Laparoscopic surgery: In this procedure, a laparoscope (small telescope) attached to a special camera is inserted into the body through a cannula (hollow tube) and allows the surgeon to view the hernia and surrounding tissues on a monitor. Slowly Other tubes are inserted into the body so that the surgeon can perform the surgery. Usually 3 or 4 holes of one centimeter are required.

The hernia is repaired from the back of the abdominal wall. This type of surgery is usually performed under general anesthesia and spinal or local anesthesia is rarely used.

What are the benefits of laparoscopic hernia surgery?

In each laparoscopic case, the rate of complications, surgical scar, and duration of postoperative pain are lower and return to work and daily activities is faster; But the recurrence rate does not differ between the two groups. Based on this finding, it is recommended that this method be used in the treatment of inguinal hernias.

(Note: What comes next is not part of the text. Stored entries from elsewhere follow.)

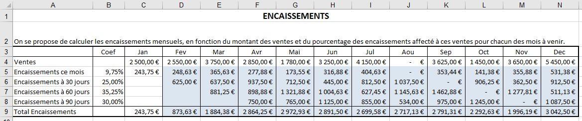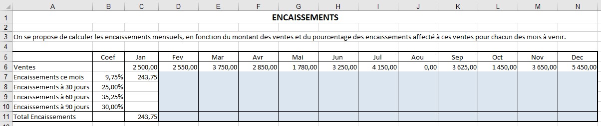 On se propose de calculer les encaissements mensuels, en fonction du montant des ventes et du pourcentage des encaissements affecté à ces ventes pour chacun des mois à venir.
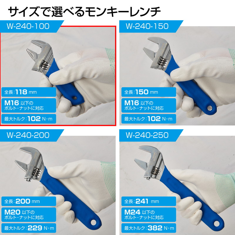W-240-100 ホーザン 新品 モンキーレンチ HOZAN
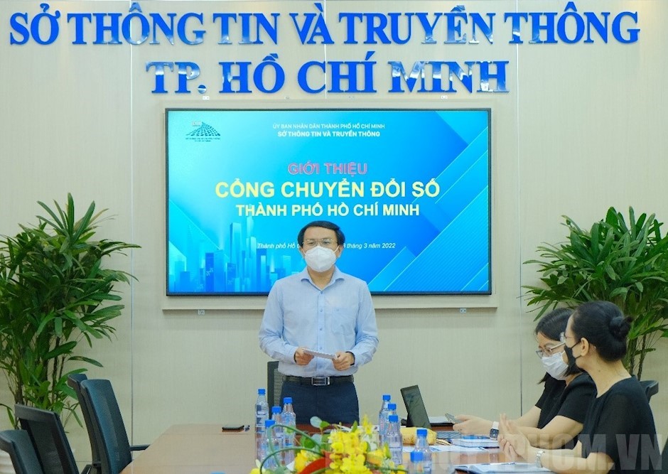 Giám đốc Sở Thông tin và Truyền thông TPHCM Lâm Đình Thắng giới thiệu Cổng chuyển đổi số TPHCM(Thanhuytphcm.vn) - Bộ Thông tin và Truyền thông đã công bố kết quả xếp hạng chỉ số chuyển đổi số DTI năm 2022. Theo báo cáo xếp hạng, TPHCM tiếp tục vươn lên xếp hạng thứ 2 toàn quốc.
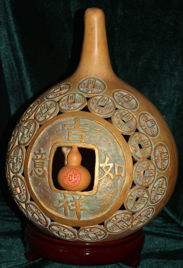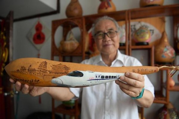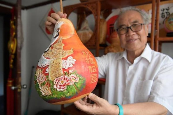 在喜迎新中國成立70周年日子里,梁平安把對祖國的祝福在葫蘆上表現出來,祝祖國繁榮富強,人民幸福安康。
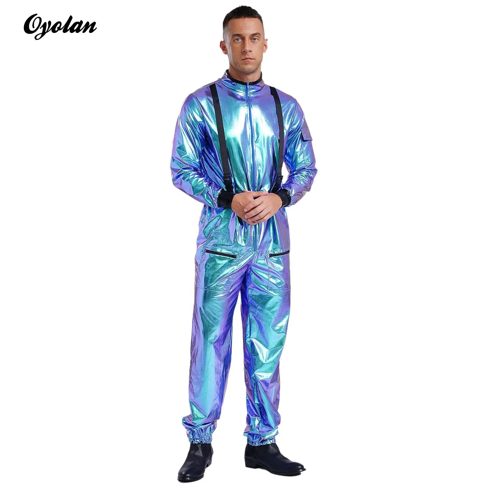 Costume de cosplay d'astronaute, pilote, force aérienne, extraterrestre pour homme, combinaison de robot disco à manches longues, brillante et métallisée, combinaison à fermeture éclair
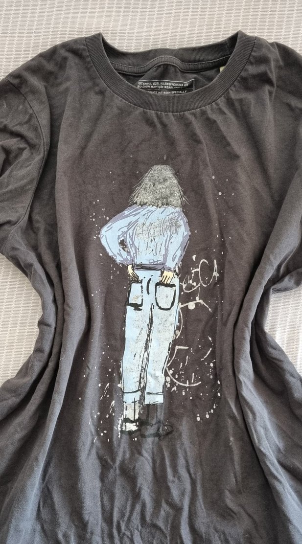 Gri Baskılı Tişört, Bol Kesim, Kısa Kollu
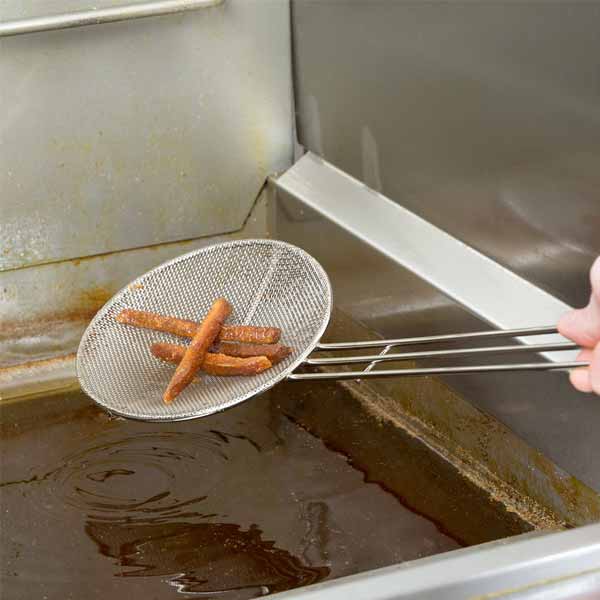 Carefully and effectively remove items from stockpots, steamers, and fryers with this 6-1/2″ Long Tin Plated Fine Mesh Skimmer. This skimmer highlights a strong wire mesh bowl and long, Tin Plated, one-piece handle. Use it to exclude particles from your fryer, as well as lost french fries, chicken fingers, mozzarella sticks, and corn nuggets. Use it when cooking donuts, poached eggs, and dumplings. With this skimmer, your options are endless.
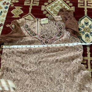 This top is in excellent condition with no tears or rips. The sleeves are made of 100% stunning silk, flowing effortlessly on your shoulders like a butterfly. You’re going to love it!

Laparoscopic procedures are impractical for a small number of patients. Factors that increase the likelihood of choosing or converting surgery from laparoscopic to open surgery may include: obesity, a history of previous abdominal surgery, leaving a dense tissue scar, inability to see organs in the body with a laparoscope Or bleeding during surgery.

Deciding whether open surgery should be performed is a decision that the surgeon makes before or during surgery.